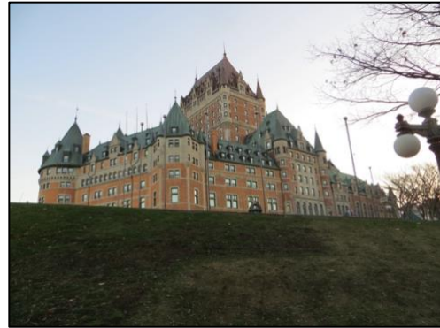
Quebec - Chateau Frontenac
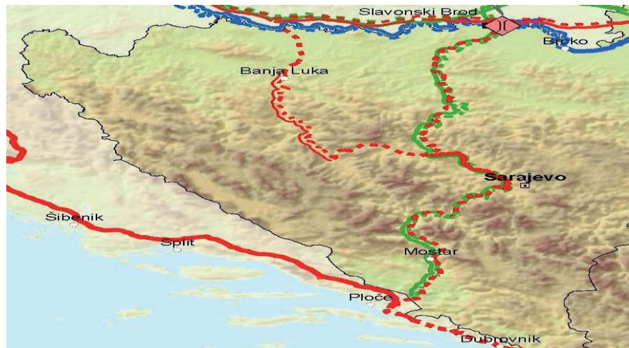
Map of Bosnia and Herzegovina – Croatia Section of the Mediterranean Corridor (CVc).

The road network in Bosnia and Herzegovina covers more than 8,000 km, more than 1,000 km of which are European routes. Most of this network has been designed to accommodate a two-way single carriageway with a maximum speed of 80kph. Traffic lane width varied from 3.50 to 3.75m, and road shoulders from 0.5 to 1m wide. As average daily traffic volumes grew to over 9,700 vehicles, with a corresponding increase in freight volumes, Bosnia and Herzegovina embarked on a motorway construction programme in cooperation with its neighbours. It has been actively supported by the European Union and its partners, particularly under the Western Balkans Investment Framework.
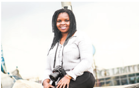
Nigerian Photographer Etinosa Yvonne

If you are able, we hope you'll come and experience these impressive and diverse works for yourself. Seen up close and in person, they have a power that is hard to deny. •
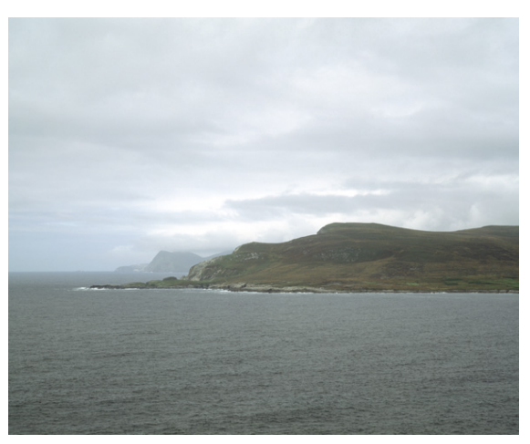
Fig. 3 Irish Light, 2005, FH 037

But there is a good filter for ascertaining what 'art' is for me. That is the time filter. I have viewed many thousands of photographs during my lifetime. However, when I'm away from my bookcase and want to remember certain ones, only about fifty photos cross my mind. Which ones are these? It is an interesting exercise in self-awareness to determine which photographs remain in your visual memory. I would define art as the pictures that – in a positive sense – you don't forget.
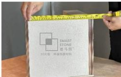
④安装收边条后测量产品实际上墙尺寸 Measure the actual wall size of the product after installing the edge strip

* * *

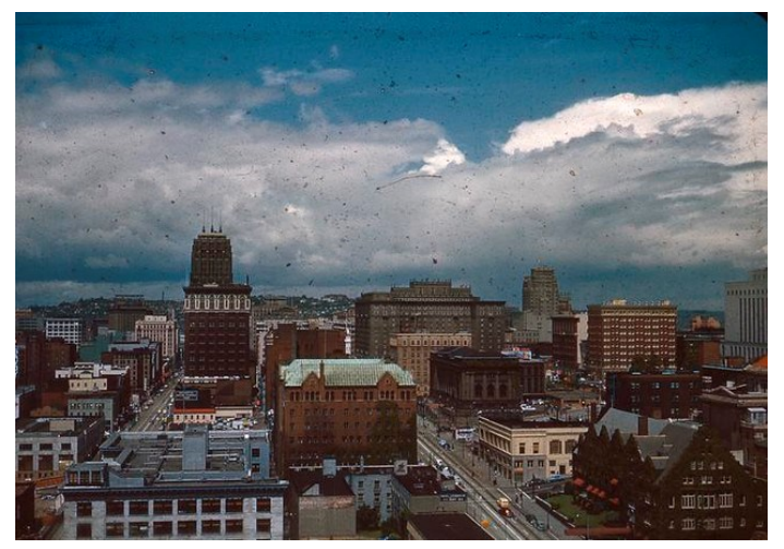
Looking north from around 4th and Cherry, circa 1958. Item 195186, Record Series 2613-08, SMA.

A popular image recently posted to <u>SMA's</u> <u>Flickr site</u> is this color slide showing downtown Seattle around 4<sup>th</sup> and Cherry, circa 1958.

--

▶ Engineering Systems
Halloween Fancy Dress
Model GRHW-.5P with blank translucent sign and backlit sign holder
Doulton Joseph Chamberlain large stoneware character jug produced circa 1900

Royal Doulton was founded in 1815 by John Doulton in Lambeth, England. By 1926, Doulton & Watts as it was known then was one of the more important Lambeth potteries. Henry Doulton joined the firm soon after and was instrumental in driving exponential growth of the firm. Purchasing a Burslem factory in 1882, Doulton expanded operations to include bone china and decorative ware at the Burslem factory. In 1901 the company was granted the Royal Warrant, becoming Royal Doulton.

▶ _What is being asked_
Only a number is expected here: the count of lines in the listing that hold the string "Cherry".

▶ _Result for this task_
2